The problem is they have started after 6 months of reasonably robust
services to give problems. What we see is the FS will exit (see boslog
below), and apparently salvage properly and restart. Unfortunately after
the restart (normally within about 24 hours) all access to volumes on
tthat server will stop. No errors in logs seem to be reported and vos
listvol may or may not work.
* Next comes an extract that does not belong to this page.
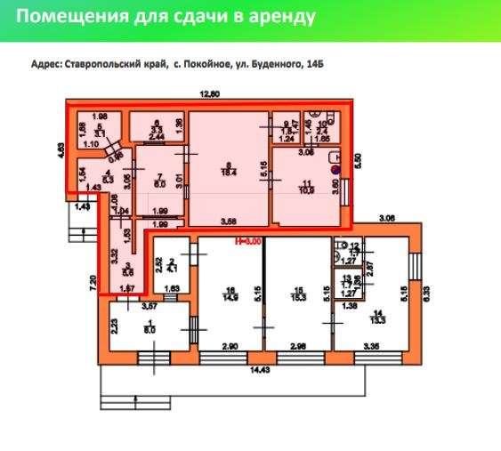 Сбер А предлагает к аренде нежилое помещение площадью 72,6 кв. м., расположенное по адресу: Ставропольский край, Буденновский муниципальный округ, село Покойное, улица Буденного, здание 14б
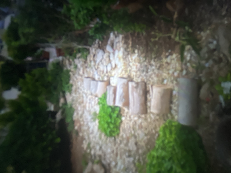 An overhead shot reveals a garden arrangement. Cylindrical wood pieces, resembling small stumps, are linearly spaced on a bed of light-colored gravel. Patches of green foliage emerge between and around the wood. Lush greenery, darker in tone, fills the edges of the frame, creating a natural border. Overall, it's a miniature, landscaped scene.

Shutting the server down (sometimes hard
reset required), forcing a salvage (or two) and restarting seems to fix
the problem.
BosLog
Wed Oct 6 12:14:26 2004: fs:file exited on signal 6
Wed Oct 6 12:14:26 2004: fs:vol exited on signal 15
Wed Oct 6 12:35:43 2004: fs:salv exited with code 0
Sat Oct 9 18:02:46 2004: fs:file exited on signal 6
Sat Oct 9 18:02:46 2004: fs:vol exited on signal 15
Sat Oct 9 18:24:07 2004: fs:salv exited with code 0
Questions:
Should we schedule say a 3 monthly salvage on all volumes in the hope of
avoiding unscheduuled outages?
Do other OS/filesystems have the same issue (we are about to expand afs
univerity wide and have the chance now to chance OS/filesystem if this
helps)?
Any idea what is causing the above lock up (and the exited on signal 6
for that matter)?
Cheers
Matt